Mr Guerin insisted that Mr Daly was honest and straightforward in all of his dealings with the Revenue and said that another employee (Michael Chastain who was not before the court) removed the names from the list to be given to the Revenue. And he maintained that the only evidence against Bernard Daly was an alleged conversation sometime in 2003 with Brian Gillespie (the bank's then-head of compliance) in which Daly was alleged to have asked Mr Gillespie if he was willing to delete an account if asked by Mr FitzPatrick.
Daly had no recollection of this conversation, the court heard.
Brian Gillespie was a key witness in the trial and claimed under cross examination that Tiarnan O'Mahoney instructed him to leave the O'Toole account out of the list captured by the court order.
Mr Gillespie told the trial that Sean FitzPatrick - who asked him specifically about the inclusion of the O'Toole account - made it clear to him that a family member of his wasn't to be returned to the Revenue.
Tiarnan O'Mahoney maintained his composure as the counts were read by the court registrar, offering support to Maguire as she trembled uncontrollably.
The most senior of the three in Anglo at that time, his lawyer Brendan Grehan SC said one of the most extraordinary features of the trial was the fact that the prosecution's purported orchestrator in chief - Sean FitzPatrick - was not on the [defendant's] bench even though it was clear he was the perceived beneficiary.
The prosecution claimed that Mr O'Mahoney was, amongst other things, involved in one of two altered accounts as he took out a loan - with Mr FitzPatrick - using the account to do a share deal. But Mr FitzPatrick was not before the court, even though the prosecution maintained that there were unusual practices going on with the O'Toole account including evidence that it was used to deal stock during the periods when bank directors were barred from trading.

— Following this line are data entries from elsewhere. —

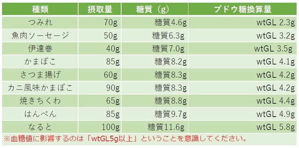 ここではRGIでは表現していません。『80キロカロリーガイドブック』(女子栄養大学出版部)を参考に、それぞれの80kcalの重さと炭水化物含有量からwtGLを計算しています。練り物のGl値の報告はさまざまですが、ざっくりと50%で計算して大きな間違いはないと考えています。
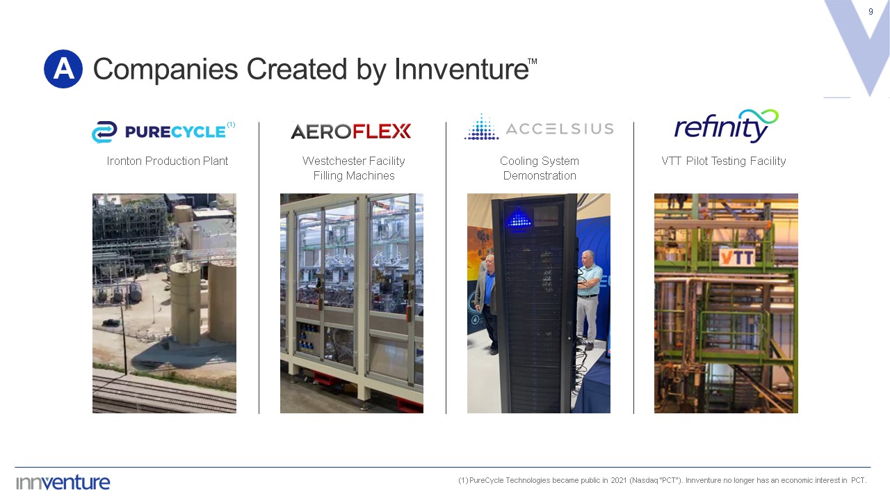 What Makes Innventure Unique  8  A  Innventure founds, funds, and operates companies around transformative, sustainable technology solutions in collaboration with multinational corporations (MNCs), channel partners, or innovation networks.   Acquire or license a proven technology(1) that addresses an expected unmet need  Built-in channel to market through MNC accelerates adoption of technology  Founder stage owner-operators can potentially create substantial financial leverage  Significant monetary and time investment by technology source in each technology  PCT(2) has long-term supply agreements with P&G and other global partners  29.2X  Return on PCT(2) (3)  ™  Such technology has been demonstrated as a proof of concept but has not yet been scaled or commercialized.  PureCycle Technologies became public in 2021 (Nasdaq “PCT”). Innventure no longer has an economic interest in PCT.  Calculated based upon PCT's closing share price on Dec. 31, 2024 and illustrative of an investor's return if they had invested in PCT at inception and exited on Dec. 31, 2024.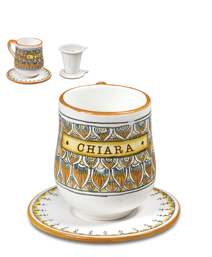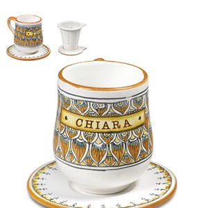 La TISANIERA decoro "PAVONE" dipinta a mano e personalizzabile con il tuo nome e quello dei tuoi cari. Realizzata dai Maestri ceramisti di Deruta (PG) è composta da un piattino, una tazza, un filtro e un coperchio.

The absence of Sean FitzPatrick was seized upon by the defence teams.
Mr Grehan, for O'Mahoney, said FitzPatrick was like the man on the grassy knoll or "Macavity the mystery cat".
"His paws are all over it, but he's nowhere to be found," said Mr Grehan.
Mr Gageby, for Maguire, likened the case to the sinking of the Concordia where the captain had made an early dart for the lifeboat - leaving the women and children behind.
In a way, the trial and its resounding outcome, raises more questions than answers.
If, as the DPP claims, Mr FitzPatrick tried to stop the O'Toole account being returned to the Revenue, it is not unreasonable to ask why wasn't he too charged?
If FitzPatrick, as the prosecution said, was "the thread running through all the charges", why wasn't he on trial?
Today, corporate Ireland will hold its breath as Judge McCartan decides the trio's sentence. After one night in jail, will they spend many more?